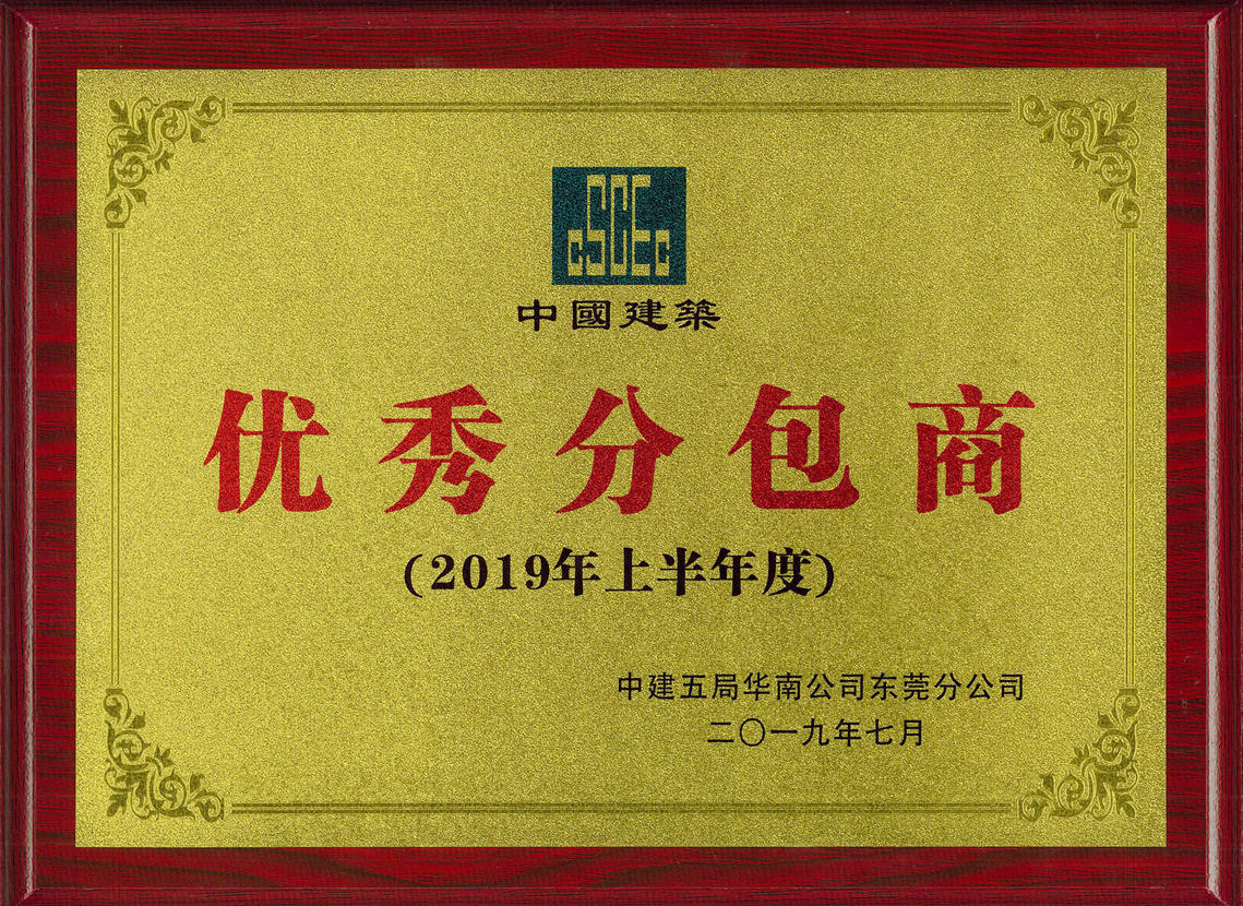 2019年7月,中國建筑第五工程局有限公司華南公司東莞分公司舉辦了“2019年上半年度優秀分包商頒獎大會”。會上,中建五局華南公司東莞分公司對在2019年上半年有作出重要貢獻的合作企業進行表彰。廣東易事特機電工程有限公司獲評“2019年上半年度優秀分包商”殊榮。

━━━━━━━━━━━━━━━━━━━━━━━━━━━━━━

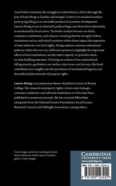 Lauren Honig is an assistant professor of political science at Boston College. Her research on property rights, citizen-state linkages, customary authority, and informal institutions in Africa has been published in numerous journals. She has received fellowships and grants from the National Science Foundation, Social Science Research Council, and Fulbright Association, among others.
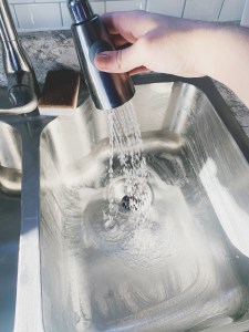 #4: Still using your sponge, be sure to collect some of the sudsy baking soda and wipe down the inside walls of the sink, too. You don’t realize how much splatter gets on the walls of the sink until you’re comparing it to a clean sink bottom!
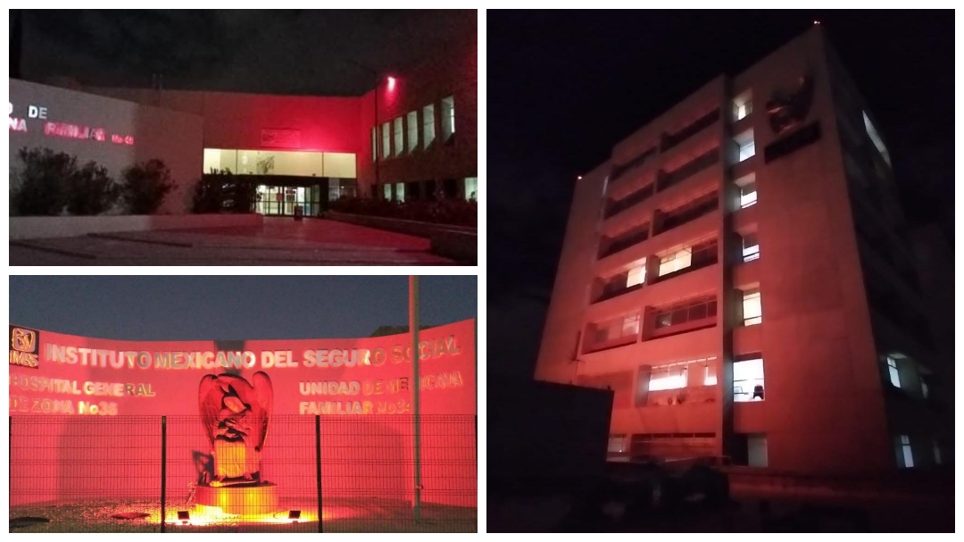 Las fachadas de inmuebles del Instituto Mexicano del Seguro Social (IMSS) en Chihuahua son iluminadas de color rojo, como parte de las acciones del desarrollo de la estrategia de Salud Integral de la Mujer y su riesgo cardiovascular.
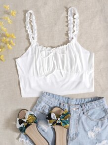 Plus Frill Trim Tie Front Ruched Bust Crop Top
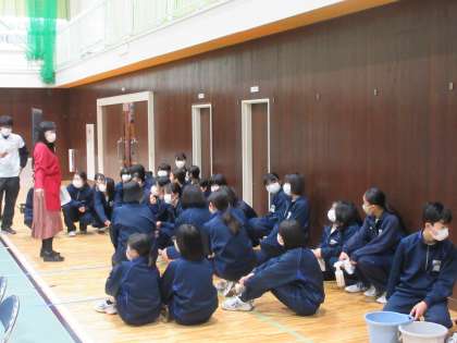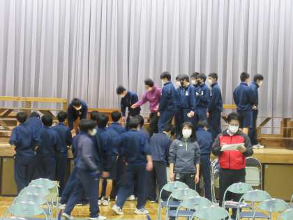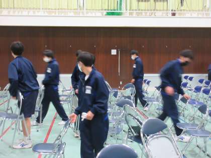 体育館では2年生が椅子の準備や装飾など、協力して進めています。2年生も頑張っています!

━━━━━━━━━━━━━━━━━━━━━━━━━━━━━━

## [TASK GOAL]
With pictures excluded, reproduce exactly the lines above from the one containing "Plus Frill Trim" down to the one containing "体育館では2年生が椅子の準備", those two included.

## [PROBLEM SOLUTION]
 Plus Frill Trim Tie Front Ruched Bust Crop Top
 体育館では2年生が椅子の準備や装飾など、協力して進めています。2年生も頑張っています!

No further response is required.